§ From William C. C. Claiborne
21 April 1804, New Orleans. “I have nothing interesting to communicate, nor would I write you by this mail, were it not to inform you, that the most perfect good order prevails in this city. I find, the most trifling occurrences here, attract attention to the Northward, and that a disposition exists among some people to give to certain events a consequence they do not merit: To prevent therefore misrepresentations, I have thought it proper to write you by every mail.
“M. Laussat (it is said) will leave this port in the course of the day, on his passage to Guadaloup, but the period of his departure and place of destination are not certainly known.1
“My letter to the Secretary of War, which goes by this mail, will acquaint you with the State of things on the Mobille.2
“General Wilkinson will sail tomorrow or next day for New-York on board the Ship Louisiana.”
RC (DNA: RG 59, TP, Orleans, vol. 4); letterbook copy (Ms-Ar: Claiborne Executive Journal, vol. 13). RC 2 pp.; in a clerk’s hand, signed by Claiborne; docketed by Wagner as received 22 May.
1. Laussat left New Orleans at sunrise on 21 Apr., sailing under the name of Pierre Lanthois in the American ship Natchez to Martinique, where he had been appointed prefect (Laussat, Memoirs of My Life, 74, 105–6, 130 n. 37).

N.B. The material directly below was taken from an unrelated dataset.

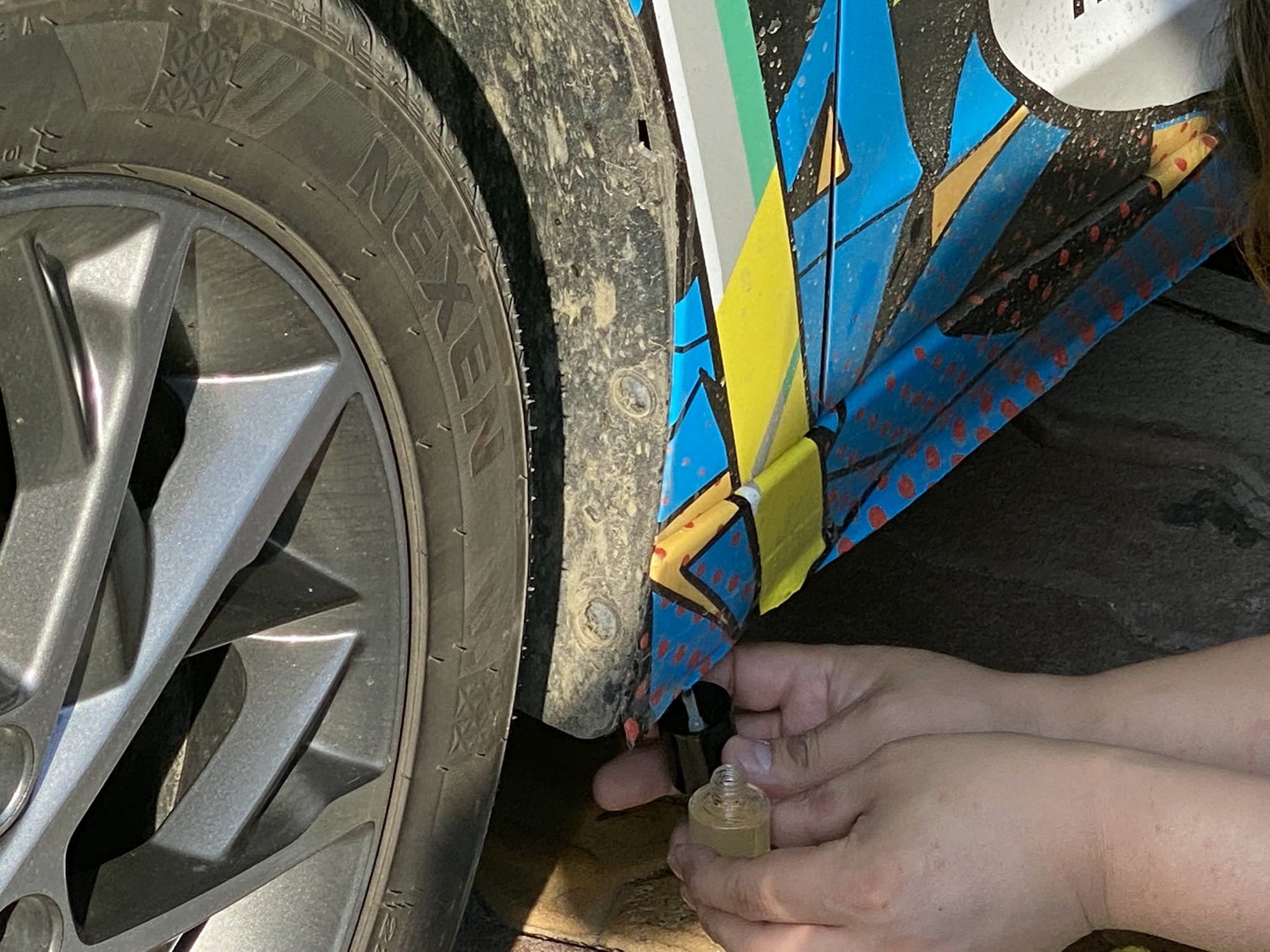 이 부위는 이전에도 가장 먼저 떨어졌던 자리입니다. 찢어져서 테이프를 붙이고 다니고 오만 개 생쇼를 하고 다녔었는데 이미 접착력이 떨어진 랩핑지에 본드를 발라 다시 보수했습니다.

2. In his 20 Apr. 1804 letter to Dearborn, Claiborne reported that he had advised Joseph Chambers, U.S. factor for the Choctaw, to ship peltry to Philadelphia through New Orleans. The Spanish officials at Mobile demanded payment of a duty, which Chambers paid under protest. Provisions sent to Fort Stoddert were also subject to a duty at Mobile, as were all exports passing down that river. Claiborne added that the Spanish were fortifying Mobile and Pensacola and listed the number of troops at both places (Rowland, Claiborne Letter Books, 2:108).